WHAT IS NEEDED: From the first line to the last, copy the material word for word; pictures stay out.

DATASET EXCERPT:
=======
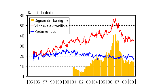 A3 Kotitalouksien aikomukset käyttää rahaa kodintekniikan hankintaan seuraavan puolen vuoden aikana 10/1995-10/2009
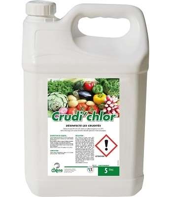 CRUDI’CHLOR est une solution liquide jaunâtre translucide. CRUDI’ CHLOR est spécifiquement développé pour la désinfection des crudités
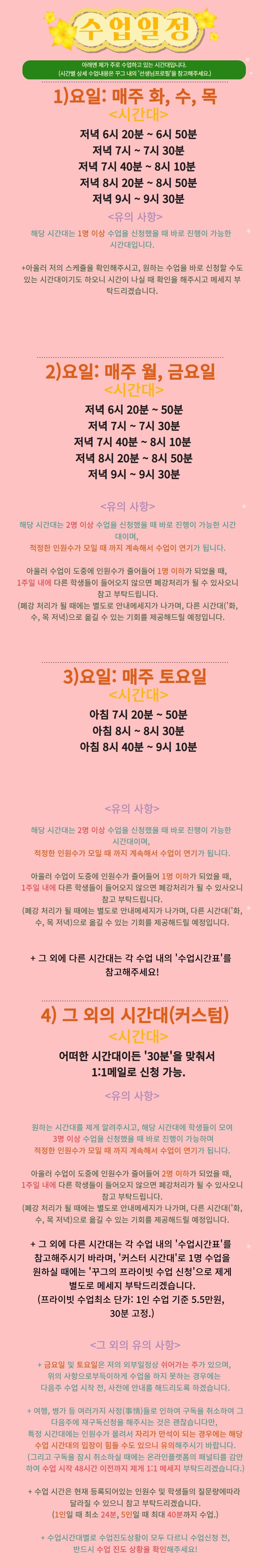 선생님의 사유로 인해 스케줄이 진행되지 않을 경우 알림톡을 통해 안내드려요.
=======
ANSWER AREA:
 A3 Kotitalouksien aikomukset käyttää rahaa kodintekniikan hankintaan seuraavan puolen vuoden aikana 10/1995-10/2009
 CRUDI’CHLOR est une solution liquide jaunâtre translucide. CRUDI’ CHLOR est spécifiquement développé pour la désinfection des crudités
 선생님의 사유로 인해 스케줄이 진행되지 않을 경우 알림톡을 통해 안내드려요.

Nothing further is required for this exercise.